I think that is a slightly different situation to the one I was imagining.
Ted's observation here is completely about readdir results.

A NFS READDIR_PLUS result can be used to satisfy subsequence stat() requests.
I don't think it would ever be correct to 
  stat('a')
  stat('b')
  stat('a')

and get exactly the same stat info in every case, including inode number and
ctime and link count of '1'.
If those stats were served from the READDIRPLUS results that I described
above, that is exactly what you would get.
I'm not sure if the  post-op attributes would be enough to tell the client it
needs to do a GETATTR again straight away to verify things.

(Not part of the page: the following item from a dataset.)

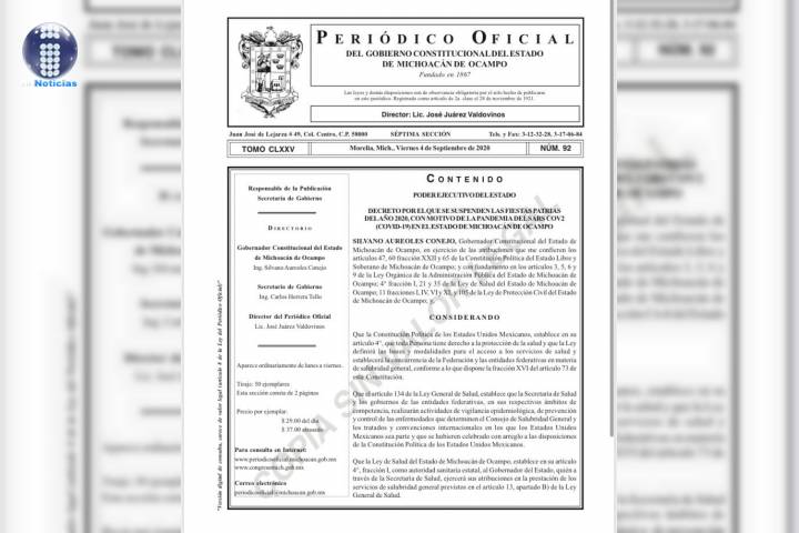 NOTICIAS 07/09/2020Oficializa Gobierno de Michoacán suspensión de fiestas patrias Como una medida necesaria para proteger la salud y la vida de las y los michoacanos, frente a la incidencia de contagios que sigue registrándose a nivel nacional y estatal, el Gobierno que encabeza Silvano Aureoles Conejo, determinó hacer oficial la suspensión de las celebraciones de los festejos patrios del presente año.

But if the attr info stays cached (which is kind-of the point of
READDIR_PLUS), this is a very different circumstance than the one Ted
described.

Still not sure how important it is, but I like the NFSv3 option of just not
returning attributes if we aren't certain of them.

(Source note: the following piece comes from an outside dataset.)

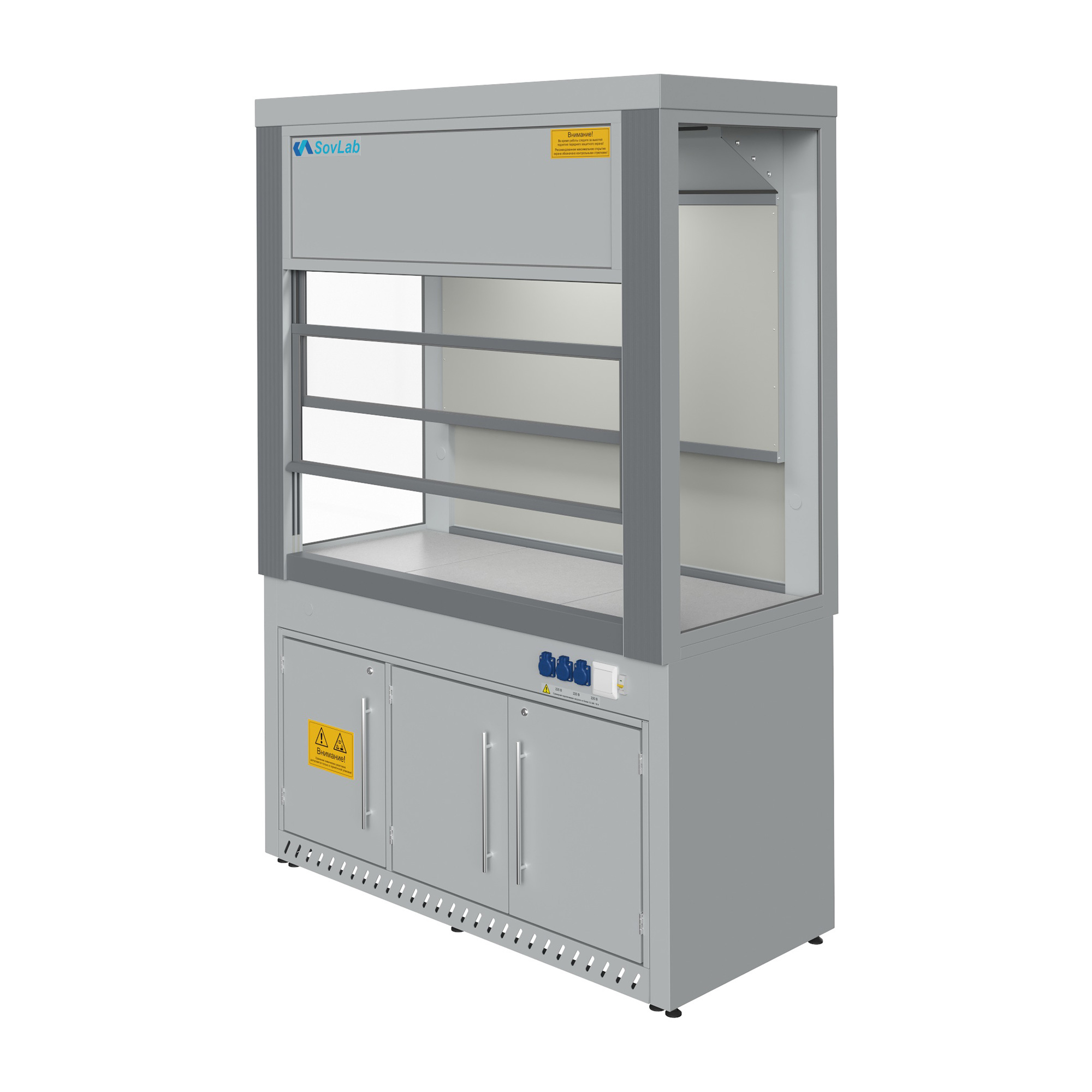- Функциональность — шкаф подходит для организации рабочего пространства и установки лабораторных приборов различного типа и размера.

An option for NFSv4 might be to abort/retry the readdir op if the directory
has changed at all(?).

NeilBrown
diff mbox

Patch

diff --git a/fs/nfsd/nfs3xdr.c b/fs/nfsd/nfs3xdr.c
index e4b2b4322553..f6e7cbabac5a 100644
--- a/fs/nfsd/nfs3xdr.c
+++ b/fs/nfsd/nfs3xdr.c
@@ -805,7 +805,7 @@  encode_entry_baggage(struct nfsd3_readdirres *cd, __be32 *p, const char *name,
 
 static __be32
 compose_entry_fh(struct nfsd3_readdirres *cd, struct svc_fh *fhp,
-		const char *name, int namlen)
+		 const char *name, int namlen, u64 ino)
 {
 	struct svc_export	*exp;
 	struct dentry		*dparent, *dchild;
@@ -830,19 +830,21 @@  compose_entry_fh(struct nfsd3_readdirres *cd, struct svc_fh *fhp,
 		goto out;
 	if (d_really_is_negative(dchild))
 		goto out;
+	if (dchild->d_inode->i_ino != ino)
+		goto out;
 	rv = fh_compose(fhp, exp, dchild, &cd->fh);
 out:
 	dput(dchild);
 	return rv;
 }
 
-static __be32 *encode_entryplus_baggage(struct nfsd3_readdirres *cd, __be32 *p, const char *name, int namlen)
+static __be32 *encode_entryplus_baggage(struct nfsd3_readdirres *cd, __be32 *p, const char *name, int namlen, u64 ino)
 {
 	struct svc_fh	*fh = &cd->scratch;
 	__be32 err;
 
 	fh_init(fh, NFS3_FHSIZE);
-	err = compose_entry_fh(cd, fh, name, namlen);
+	err = compose_entry_fh(cd, fh, name, namlen, ino);
 	if (err) {
 		*p++ = 0;
 		*p++ = 0;
@@ -927,7 +929,7 @@  encode_entry(struct readdir_cd *ccd, const char *name, int namlen,
 		p = encode_entry_baggage(cd, p, name, namlen, ino);
 
 		if (plus)
-			p = encode_entryplus_baggage(cd, p, name, namlen);
+			p = encode_entryplus_baggage(cd, p, name, namlen, ino);
 		num_entry_words = p - cd->buffer;
 	} else if (*(page+1) != NULL) {
 		/* temporarily encode entry into next page, then move back to
@@ -941,7 +943,7 @@  encode_entry(struct readdir_cd *ccd, const char *name, int namlen,
 		p1 = encode_entry_baggage(cd, p1, name, namlen, ino);
 
 		if (plus)
-			p1 = encode_entryplus_baggage(cd, p1, name, namlen);
+			p1 = encode_entryplus_baggage(cd, p1, name, namlen, ino);
 
 		/* determine entry word length and lengths to go in pages */
 		num_entry_words = p1 - tmp;